Detroit’s new PWHL franchise did not tiptoe into the spotlight yesterday. It kicked the door open, announcing Canadian standout Daryl Watts as the expansion club’s foundational player. Watts, a 27-year-old forward fresh off an Olympic silver medal, instantly gives the team a go-to scorer and a clear offensive identity as it gears up for its inaugural season downtown this fall.

According to the Detroit Free Press, the PWHL confirmed that Watts joined PWHL Detroit after the club used its Expansion Foundational Offer, and she signed a four-year contract as the franchise’s first official player. The Free Press reports that the deal effectively makes Watts the cornerstone around which Detroit will assemble a full roster ahead of the draft and subsequent signing phases.

The front office build-out is already well underway. The league named Manon Rhéaume as general manager in mid-May, then followed up later in the month by tapping Josh Sciba as the team’s first head coach. The franchise will skate out of Little Caesars Arena, and the PWHL’s Detroit announcement also noted that the city will host key league events tied to the expansion process, including the June draft at the Fox Theatre, according to the league’s release. Local coverage of the coaching hire and early franchise setup can be found via FOX 2 Detroit.

What the Signing Means for Hockeytown

Landing Watts is designed to move the needle both on the ice and at the box office. The expansion announcement, along with recent Takeover Tour crowds, showed there is already serious local appetite for a permanent PWHL presence in Detroit. Sportsnet has noted that the league’s expansion framework gives new teams tools to get competitive in a hurry, including one binding Expansion Foundational Offer per club to secure a star-level unrestricted free agent. A marquee name like Watts is also a powerful marketing piece, helping sell season memberships and corporate partnerships right out of the gate.

That early momentum will matter. Detroit now has a headliner to pitch as it pushes ticket sales, ramps up community engagement, and fills out the rest of the roster before training camp opens.

Watts’ Resume

Watts arrives with receipts at every level of the game.

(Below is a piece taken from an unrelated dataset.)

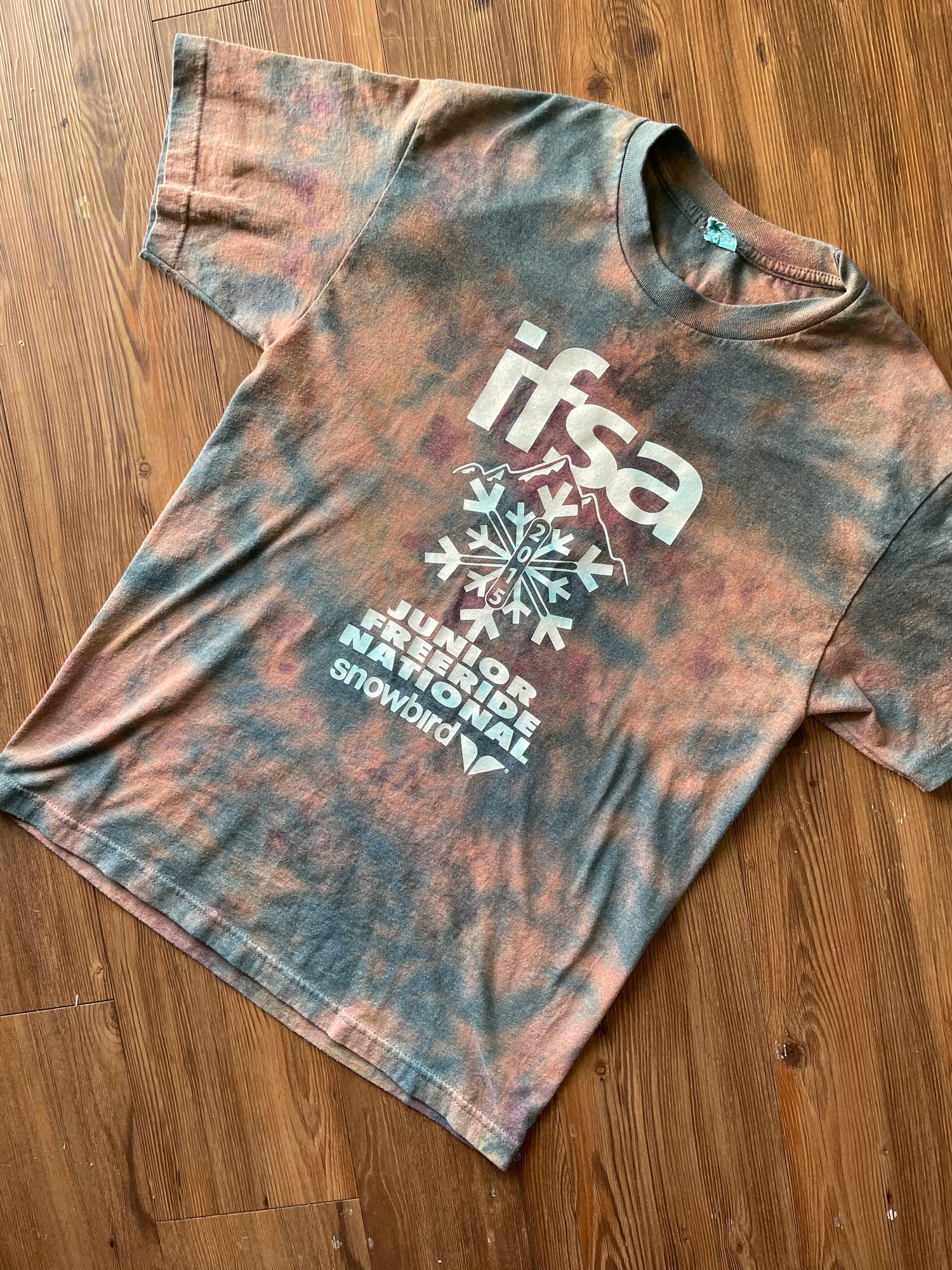 LARGE Men’s 2015 Snowbird IFSA Junior Nationals Galaxy Handmade Tie Dye T-Shirt | One-Of-a-Kind Pastel Blue Short Sleeve

She split her NCAA career between Boston College and the University of Wisconsin, captured a national championship with Wisconsin, and then developed into one of the PWHL’s most productive scorers.

Per Team Canada, Watts led Canada at the Milano-Cortina 2026 Olympics with two goals and six assists on the way to a silver medal. League statistics list her among the circuit’s all-time offensive leaders, one major reason expansion general managers had her circled as an obvious foundational target.

How the Expansion Process Works and What’s Next

The PWHL’s multi-phase expansion window gives new teams a short runway to lock in five initial players, with the Expansion Foundational Offer specifically designed to secure one marquee unrestricted free agent. Sportsnet’s overview of the system outlines the signing windows and protection rules that helped fuel this early wave of movement around unprotected stars across the league.

With Watts in the fold, Detroit now pivots to Phase 2 roster building and the June draft. The club will continue adding pieces and finalizing its schedule with the goal of being fully game-ready when the PWHL season is expected to open in late November or early December, according to reporting in the Detroit Free Press.